Pose star Moore, in town for the festival premiere of Ponyboi, took the microphone at one point to say, “I’m gay as — God forgive me — fuck. I love everybody. I love people. I have Israeli friends. I have Jewish friends. I have Palestinian friends. Everybody sees what’s happening. They all agree. There needs to be a ceasefire. Stop telling us to hate each other. Stop telling us they hate each other. They also know that the Palestinian children that have been murdered are not responsible for freeing the hostages right now. That’s just the truth, right? The children are innocent.”

As Barrera looked on, Moore continued by saying, “If you care about life, if you care about dignity, if you care about freedom, you care about the self-determination of everybody.” Though members of the LGBTQ community often face violence, persecution and death in Palestine, Moore offered a counter by saying, “This is about life. That’s why I’m here. I’m trans, right? It’s about love. … We’re actually trying to lean in.” She then said, “Free Palestine is about equality for everybody.”

On a wintry afternoon, with snow flurries and temperatures in the mid-30s, the scene unfolded directly in front of Park City mainstay Main Street Pizza & Noodle, as the crush of protesters crashed up against festival attendees trying to make their way up and down the busy block for screenings, panels, lunches and events. At one point, Chrissy Teigen was seen walking toward the protest trailed by an entourage.

Barrera’s appearance comes after she was fired from the Scream franchise for her social media posts about the Israel-Gaza conflict. The Palestinian supporter has said she’s since had an “awakening” that has led her to become who she is “supposed to be” in life. She is in Park City for the premiere of her new film, Your Monster.

Utah state troopers and Park City police teamed up to monitor the scene that, at times, grew tense as a handful of Israeli supporters stood opposite the Palestinian protesters to chant “bring them home” as a reference to the hostages being held since the Nova music festival. Other people were heard booing the Palestinian protesters and attempting to drown out their chants of “resistance is justified when people are occupied.”

News of the planned protest broke on Friday with a social media post promoting “Let Gaza Live” invited interested parties to Main Street for a march to a demonstration to start at 12:30 p.m on Sunday. “Park City is home to the largest indie film fest in the U.S.; tens of thousands travel across the globe to attend the event. While we do not take issue with Sundance as a whole, we aim to let spectators & news reporters know that Utah stands with Palestine,” read the Instagram post.

The protest is not affiliated with the Sundance Film Festival. The Palestinian Solidarity Association of Utah noted that security at the protest will be handled by a Utah-based org, Armed Queers of Salt Lake City.
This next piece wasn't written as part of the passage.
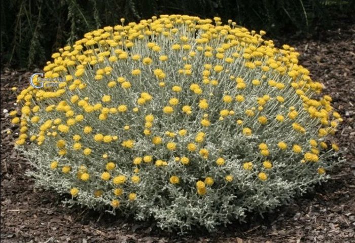 A mediterrán kertek jellemző növénye a szürke cipruska ( Santolina chamaecyparissus) egy mediterrán hangulatú szürke eminenciás növény. Csodálatosan fűszeres illatot áraszt. Sárga virágrügyek jelennek meg később az ezüstös lombozat felett. Különféle kék, lila virágokkal jól mutat.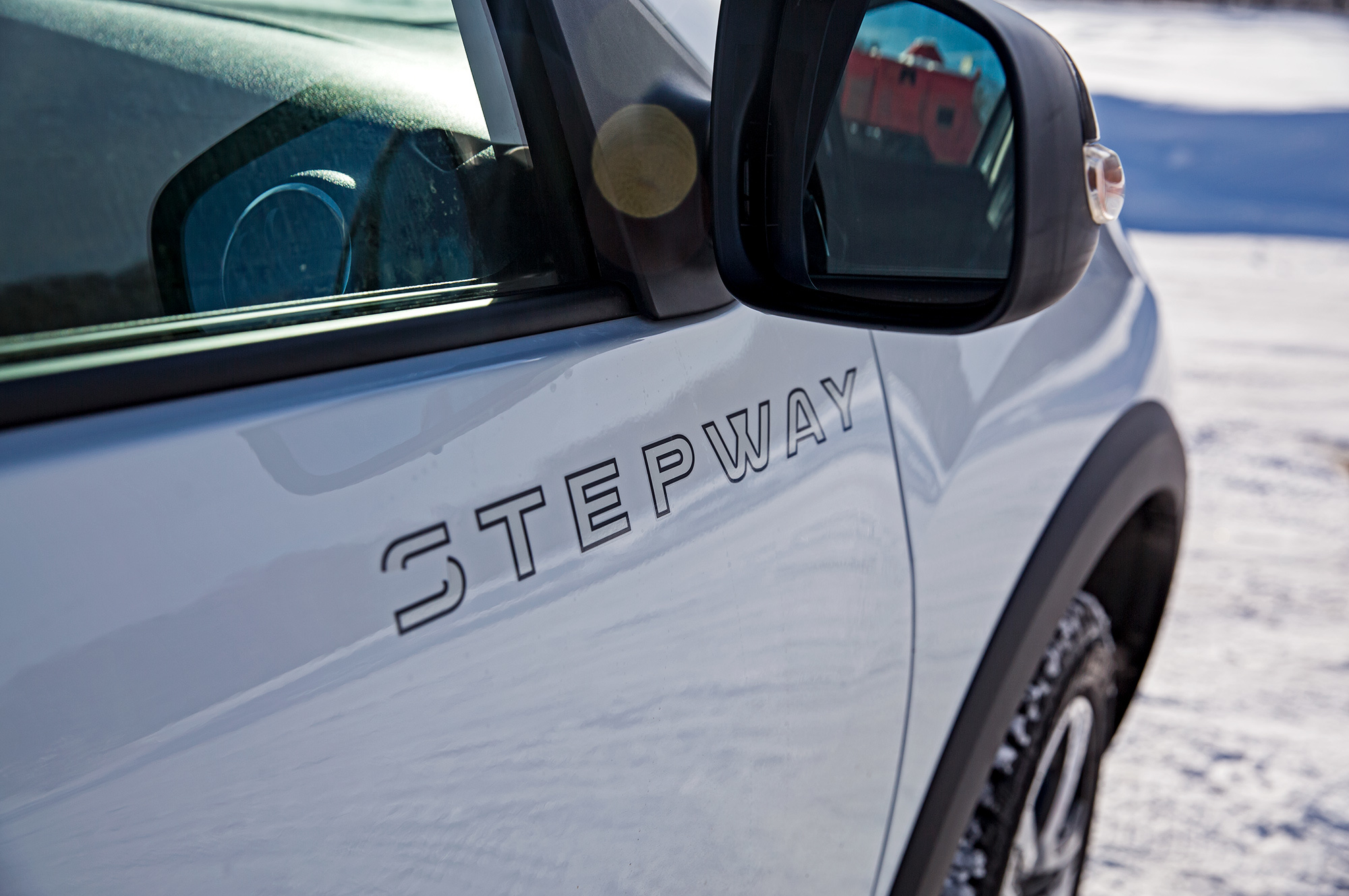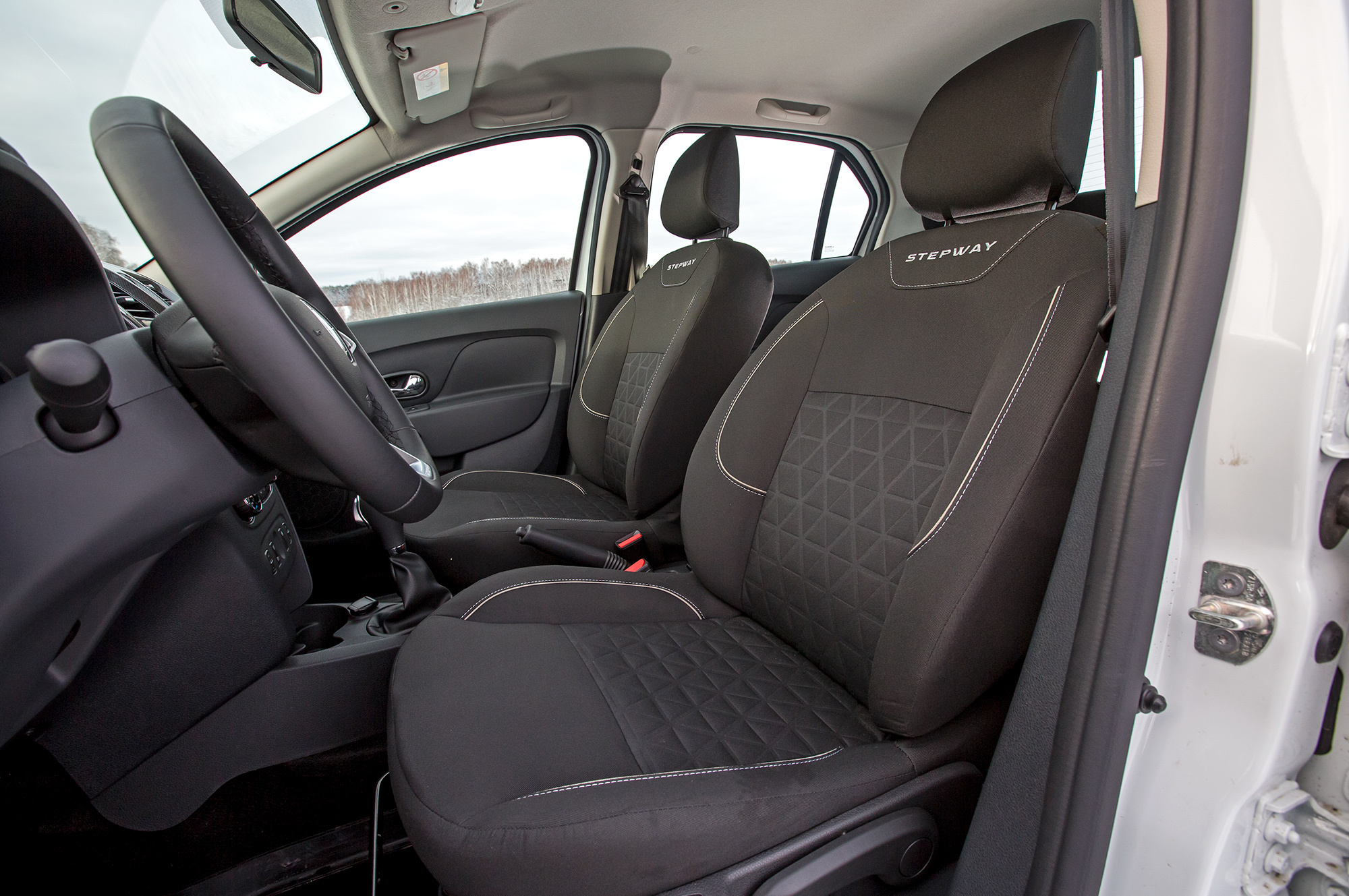 Вариатор потребовал корректив передней подвески Логана, но характер управляемости не изменился. Renault по-прежнему неважно держит прямую и нервно ёрзает, попадая в колею. На пределе под сброс газа Stepway норовит по-логановски уйти в занос. Машине с мотором H4Mk положен электрогидроусилитель, благодаря которому руль чуть легче, и реактивное усилие нарастает логичнее, чем у моделей с чистой гидравликой. Удары от неровностей всё равно сыпятся на руки водителя, особенно в поворотах, хотя и в меньшей степени.

Park City Police Department will provide security as needed.

“We have also been made aware of the demonstration and its commitment to maintaining a peaceful environment,” the Sundance Institute offered in a statement at the time. “While the organizers are non-affiliated with the Festival itself, the safety and security of our festival goers is always of concern to us, and we consistently work with local law enforcement to uphold an environment that is welcoming, inspiring and secure for all our attendees.”

Calls for a ceasefire in the Israel-Hamas War and protests surrounding the conflict have seen participation from those in the entertainment industry since the outset of the conflict. Several days ago, an organization called Film Workers for Palestine released an open letter calling for “filmmakers and cinema workers to stand for an end to genocide and for a free Palestine,” according to the website. Signatories include filmmakers and performers with projects at the Sundance.

As is so often the case at Sundance, the social, political and cultural environment is reflected on big screens and via programming with events, panels, protests and gatherings.

On Friday evening, the hostage initiative Bring Them Home partnered with an Evening of Solidarity event in Park City. According to event organizer Jacob Shwirtz, the event lasted three hours and was something he “will never forget as long as I live,” per his Instagram. It served to shine a spotlight on the hostages being held since they were captured Oct. 7 by militant group Hamas while attending the Nova music festival.

“We succeeded in bringing the story of the hostage crisis to the center of the Sundance Film Festival,” he posted. “There were tears and hugs and emotion and stories, and I truly believe it was an unforgettable, powerful experience.”

Actress Emmanuelle Chriqui offered words during the program by saying, “We are mighty, and there is so much being done. Tonight, you walk away amplifying all of these messages so that we bring them home now.”

Filmmaker Allison Norlian attended and also shared thoughts on Instagram, writing, “Last night, instead of attending another screening, party or panel, we gathered in solidarity with the hostages and their families. We listened to the parents and brother of two hostages still being held in Gaza and one woman who escaped the Nova music festival. It was emotional and raw, and my heart is broken for all these people have been through and continue to go through.”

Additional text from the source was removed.